Suppose $U$ and $V$ are finite-dimensional vector spaces and $S \in \mathcal L(V,W)$ and $T \in \mathcal L(U,V)$ . Prove that

\dim \text{null }ST \le \dim \text{null }S + \dim \text{null }T

It sufficies to show

\dim \text{null }ST = \dim \text{null }S|_{\text{range }T} + \dim \text{null T}

Since $\text{null }S|_{\text{range }T} \subseteq \text{null }S$ makes the inequality obvious

\dim \text{null }ST \le \dim \text{null }S + \dim \text{null }T

In order to prove $\dim \text{null }ST = \dim \text{null }S|_{\text{range }T} + \dim \text{null }T$ I'm going to construct $u_1,\dots,u_m$ which is a basis for $\text{null }ST$ such that $u_1,\dots,u_r$ is a basis for $\text{null }T$ and $Tu_{r+1},\dots,Tu_m$ is a basis for $\text{null }S|_{\text{range }T}$ .

Let $u_1,\dots,u_r$ be a basis for $\text{null }T$ then extend it to a basis $u_1,\dots,u_m$ of $\text{null }ST$ . It suffices to show $Tu_{r+1},\dots,Tu_m$ is a basis for $\text{null }S|_{\text{range }T}$ . It's independent because if

a_{r+1}Tu_{r+1} + \dots + a_mTu_m = 0

Then (by linearity) $a_{r+1}u_{r+1} + \dots + a_mu_m \in \text{null }T$ meaning we can write

b_1u_1 + \dots + b_ru_r = a_{r+1}u_{r+1} + \dots + a_mu_m

Independence of $u_1,\dots,u_m$ implies each $b_j = a_j = 0$ . Thus $Tu_{r+1},\dots,Tu_m$ is independent, now it suffices to show it spans $\text{null }S|_{\text{range }T}$ .
Let $v \in \text{null }S|_{\text{range }T}$ . since $v \in \text{range }T$ there is some $u\in U$ such that $v = Tu$ , and since $STu = 0$ we can write

u = c_1u_1+\dots+c_mu_m

Apply $T$ to both sides and use the fact that $Tu_j = 0$ for $1 \le j \le r$

v = c_{r+1}Tu_{r+1} + \dots + c_mTu_m

Which shows that $Tu_{r+1},\dots,Tu_m$ spans $\text{null }S|_{\text{range }T}$ completing the proof that it is a basis.

I don't like how long it took to prove $\text{null }ST = \text{null }S|_{\text{range }T} + \text{null }T$ . todo: look for a shorter proof by starting with a basis for $\text{null }S|_{\text{range }T}$

This was intuitively obvious but annoying to prove rigorously.
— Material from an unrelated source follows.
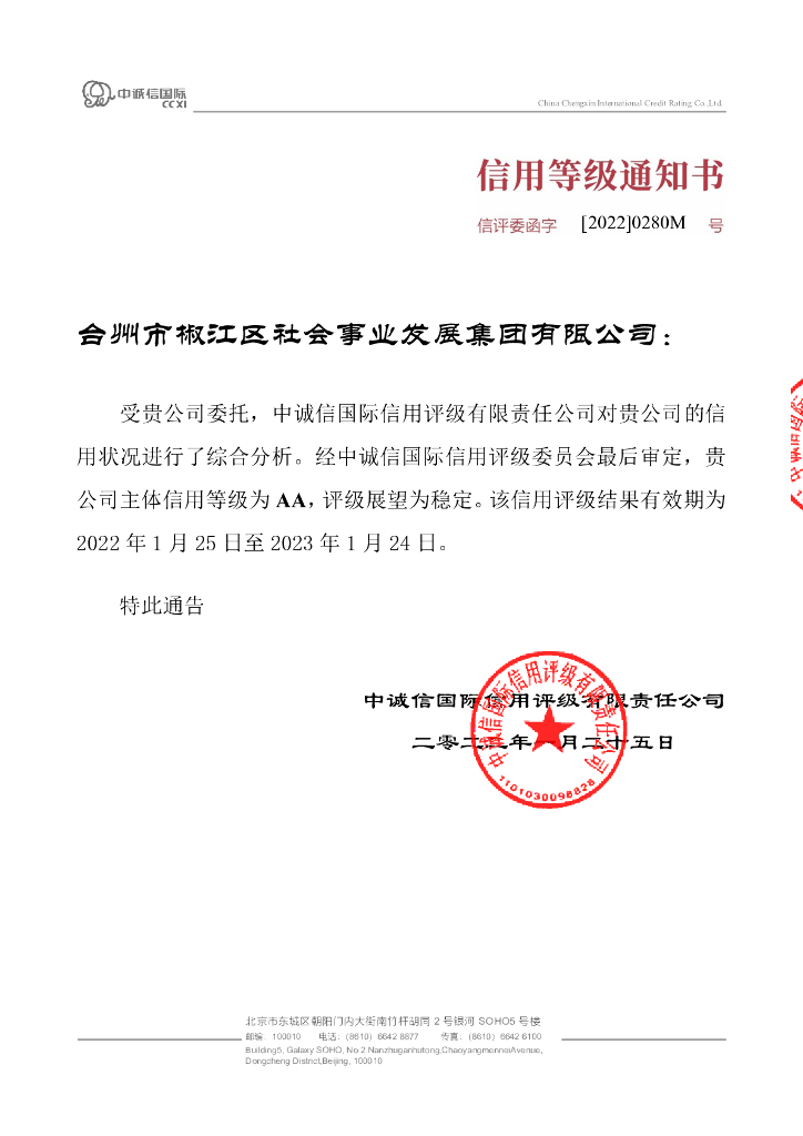 中诚信:台州市椒江区社会事业发展集团有限公司主体信用评级报告.pdf

My first solution (shown below) is ugly and I think wrong. I'll leave it here though since it's instructive

Old (bad) Solution

Let $u_1,\dots,u_r$ be a basis for $\text{null }T$ , since $\text{null }T \subseteq \text{null }ST$ we can extend it to a basis $u_1,\dots,u_m$ of $\text{null }ST$ . Let $R = \text{span}(u_{r+1},\dots,u_m)$ . $T|_R$ ( $T$ restricted to $R$ ) is injective since

\text{null }T|_R = \text{null($T$)} \cap R = \text{span}(u_1,\dots,u_r) \cap \text{span}(u_{r+1},\dots,u_m) = \{0\}

Therefor $Tu_{r+1},\dots,Tu_m$ are linearly independent in $V$ meaning we can extend it to a basis of $V$

Tu_{r+1},\dots,Tu_m,v_1,\dots,v_n

which implies $\dim \text{null }ST \le \dim \text{null }S + \dim \text{null }T$ since we constructed a basis for $\text{null }S$ and $\text{null }T$ by extending a basis of $\text{null }ST$ .